Consolidating three brands into a single entity is what makes that pipe worth plugging into. Three brands were three integrations for a partner to build. One engine is one. The legal boundary and the new leadership confirm the direction; the single integration point is the actual weapon, because reach in this business is a function of how cheap you are to connect to. And the rooms flowing through that connection include yours — the net rates you give the group, now available to be repackaged and resold through channels you never picked.
What it means for a hotel
Wholesale is the channel your rate already leaks through. A net rate you handed the OTA gets marked up, marked down, and bundled inside a closed environment — a bank's rewards portal, an airline's checkout — where you can't see the final price and can't police it against your own. Parity breaks in a window you have no view into. Booking scaling its B2B pipe means more of your inventory moving through exactly that kind of shelf, with third-party wholesale rates sitting right beside it. You can test the exposure yourself: open your bank's rewards-travel tab, or an airline's hotel add-on at checkout, and find your property. The price beside your name was set by the pipe, not by you. Most operators have never looked.

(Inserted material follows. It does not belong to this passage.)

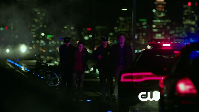 The return episode is called “Home Invasion,” and guest stars include Michael Rowe as Deadshot/Floyd Lawton and J. August Richards of Angel fame as a character we don’t know about yet. They both show up in the screen captures, as does a shirtless Oliver (Stephen Amell). Colton Haynes is also back as Roy Harper!

The guest goes too. When the room sells inside the bank's app, the booking belongs to the bank. No email, no loyalty enrollment, no relationship to build on — a body in the bed and nothing after checkout. The pipe takes the margin and the guest in the same motion.
And the rate integrity you spend the year defending gets harder to hold. Your BAR is a number you can watch on your own channels. It's much harder to watch when your rooms are wholesaled into hundreds of partner front ends by the same company you rely on for direct volume. What stays in your hands is narrow: the rate you load, the inventory you release, the contract you sign. What leaves is who sees the room, at what price, wrapped in whose offer, on whose screen.
The position, and why it lasts
The logic of the reorganization is clean: the wholesale rail gets paid no matter which front end wins the traveler, which is exactly why it's the position worth owning as that front end destabilizes. Expedia proved the asset is durable. Booking is building one to match, and feeding it with the largest room inventory in travel — a good part of which is yours.
The distribution question for a hotel used to stop at "which OTA." It's becoming "whose pipe, and how many shelves is my rate on that I can't see." Booking is going to wholesale the rooms it already holds. Worth knowing precisely how much of your rate that decision moves out of your sight.